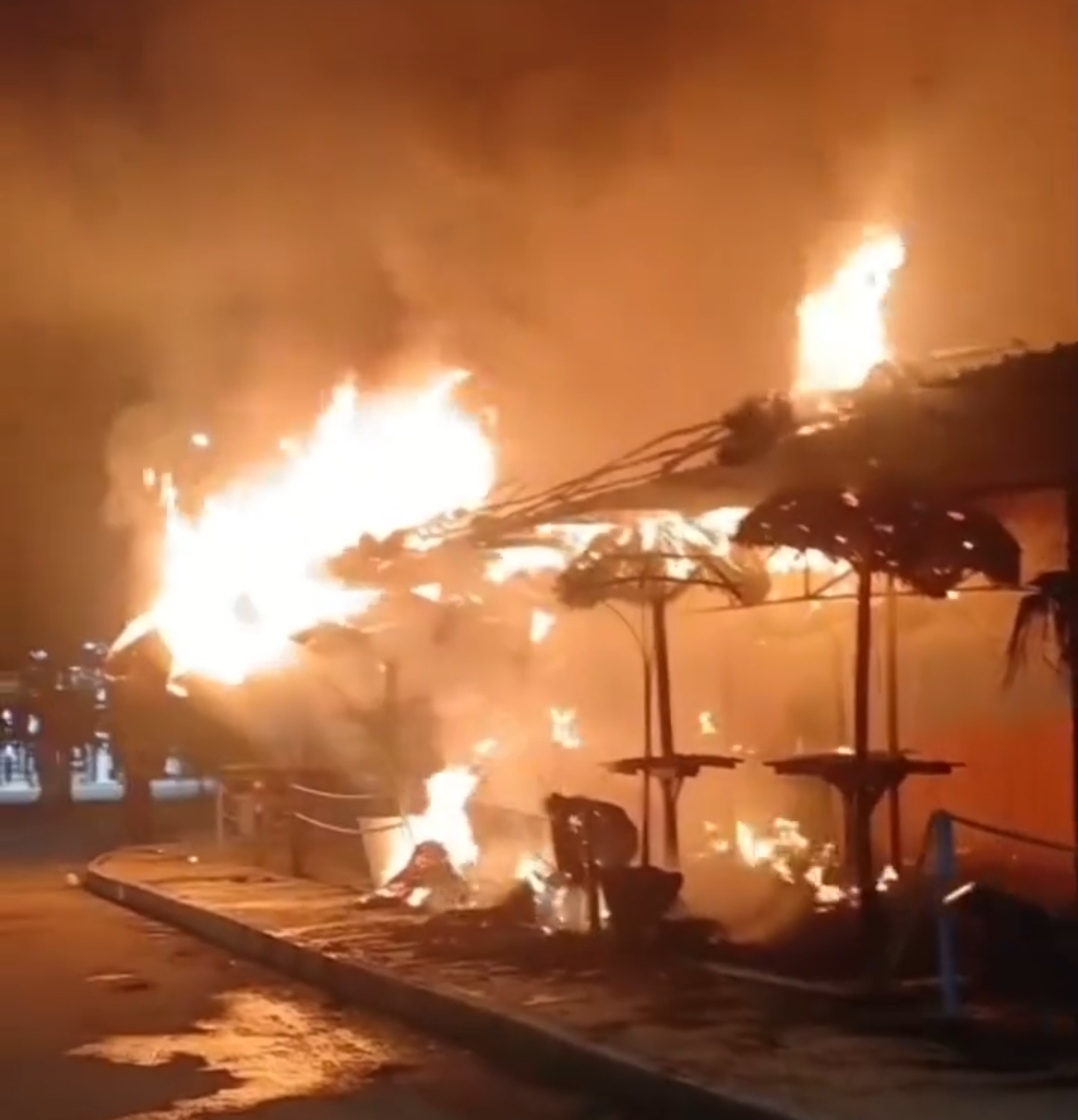 Además del edificio principal, también fueron consumidas una línea de paja de 15 metros lineales y nueve palapitas pequeñas que servían como mesas.
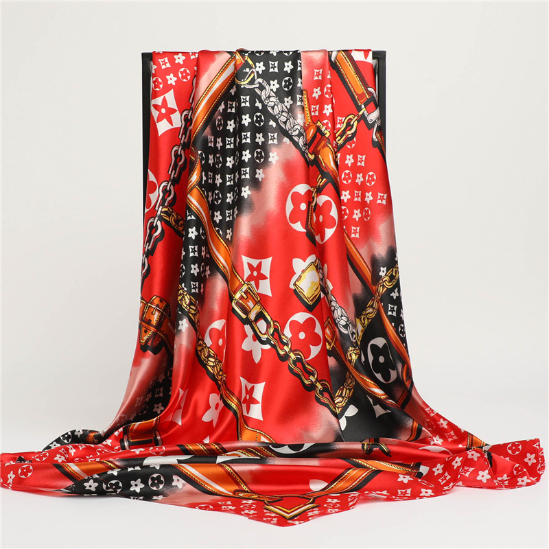 기질 기질은 실크 스카프 유럽과 미국 스타일 체인 스카프 패션 대형 사각형 90cm 컬러 실크 목도리 여성용 터번
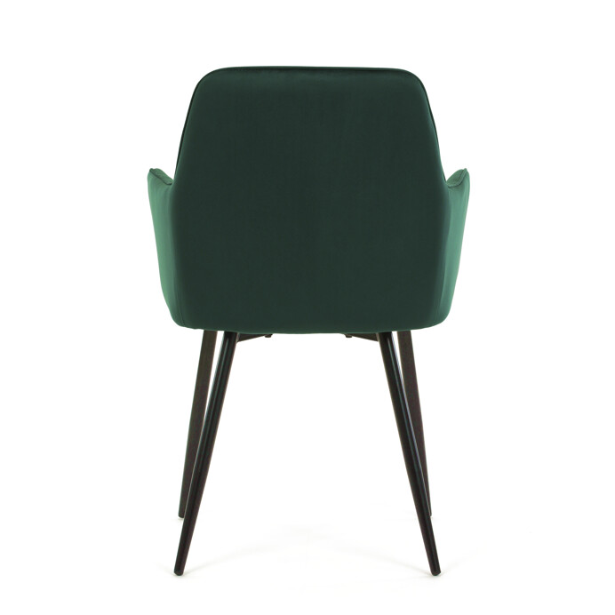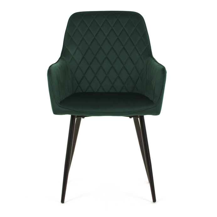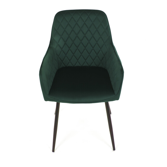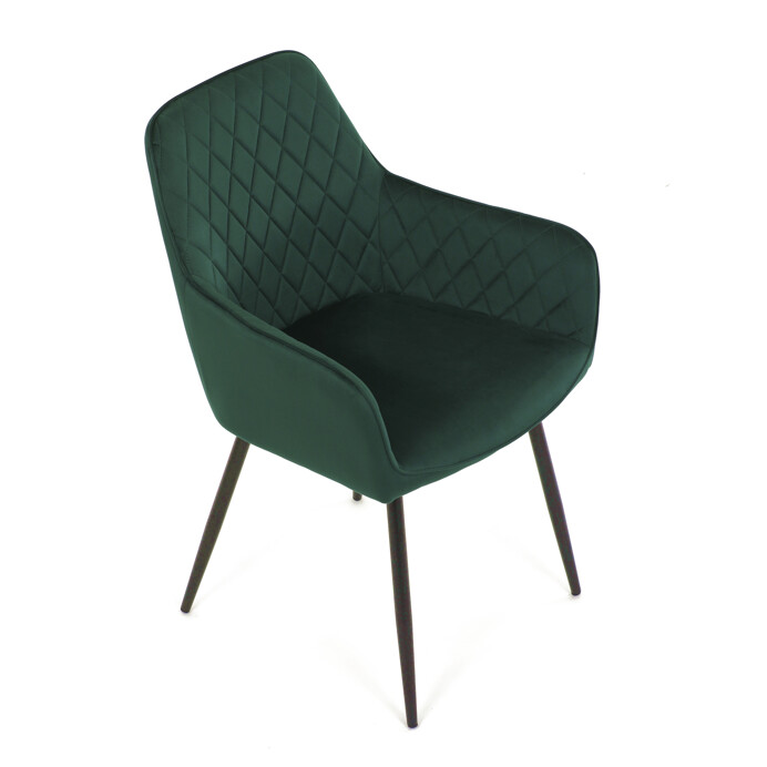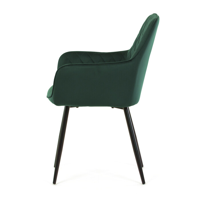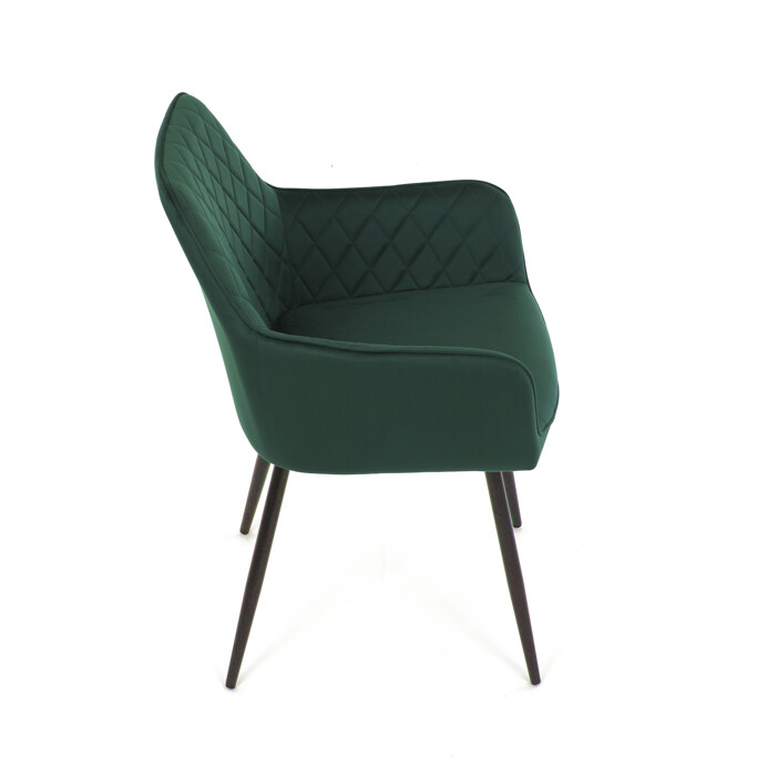 Jedálenská stolička s označením DCH-215 GRN4 ponúka pohodlné sedenie vďaka čalúneniu z kvalitnej zelenej zamatovej látky, ktorá je príjemná na dotyk a ľahko sa udržiava. Operadlo aj sedák sú doplnené dizajnovým prešitím v kosoštvorcovom vzore, ktoré podčiarkuje moderný vzhľad stoličky. Pevné čierne kovové nohy zabezpečujú stabilitu a dlhú životnosť, zatiaľ čo integrované podrúčky prispievajú k vyššiemu komfortu pri sedení. Stolička je určená na použitie v jedálňach, kuchyniach či kaviarňach, kde kombinuje estetiku s funkčnosťou.
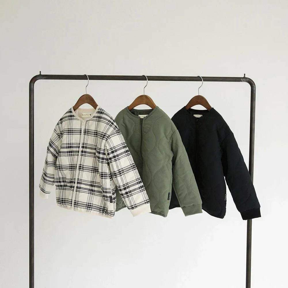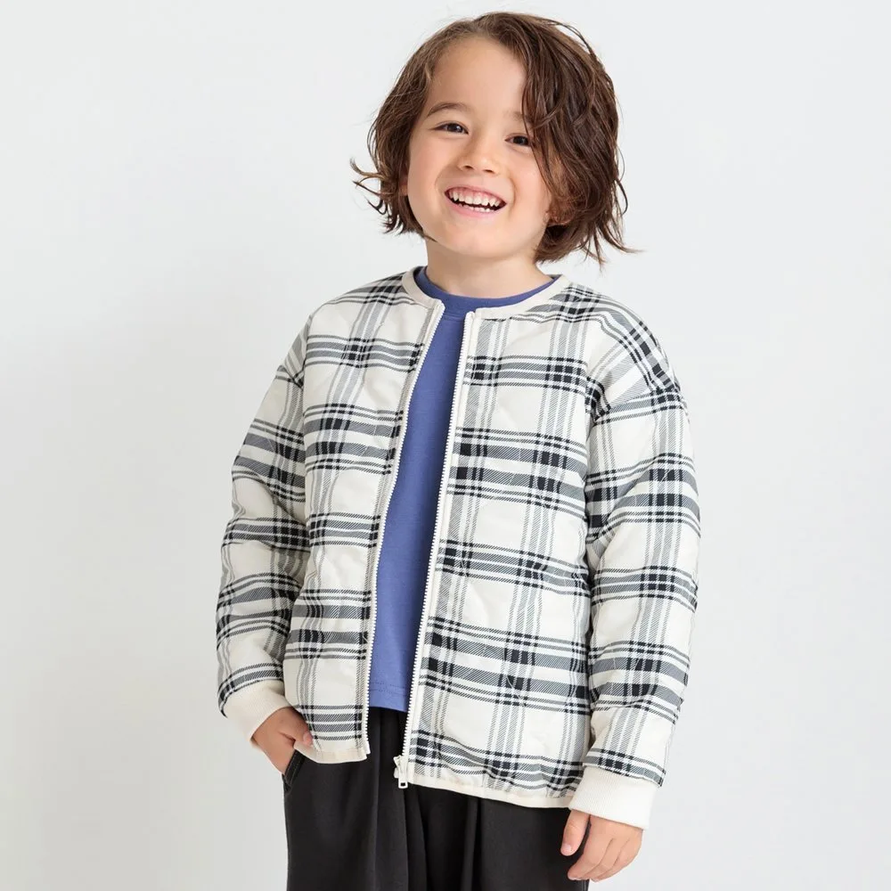 Эта легкая, теплая, стеганая куртка без воротника выполнена с модной волнообразной стежкой.
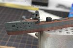 Um das Schiff in rauer See zu zeigen, habe ich teilweise den Unterrumpf aus Plastiksheet angedeutet. Die Handläufe sind aus Fotoätzteilen angefertigt und der Mastkorb aus dem Blech eines Teelichts neu gebogen.
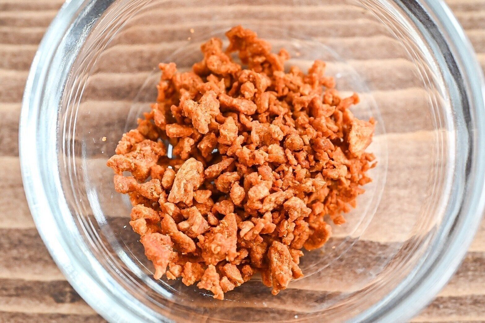 ベーコンの香ばしい風味と、カリカリとした独特の食感を大豆たんぱくで再現した商品です。
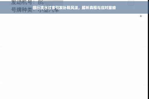 摘要:近期因银行流水过多引发的补税风波备受关注。背后真相究竟为何?面对因银行流水过多导致的补税问题,个人和企业应如何应对?本文将深度解析这一问题,并探讨合理的解决方案。面对补税,需了解相关法规,合理规划财务,确保合规纳税。
# # # #
- TASK ITEM:
Please retype the entries above word for word, but only from the line containing "ベーコンの香ばしい風味と、カ" through the last line, and without the pictures.

- WRITTEN ANSWER:
 ベーコンの香ばしい風味と、カリカリとした独特の食感を大豆たんぱくで再現した商品です。
 摘要:近期因银行流水过多引发的补税风波备受关注。背后真相究竟为何?面对因银行流水过多导致的补税问题,个人和企业应如何应对?本文将深度解析这一问题,并探讨合理的解决方案。面对补税,需了解相关法规,合理规划财务,确保合规纳税。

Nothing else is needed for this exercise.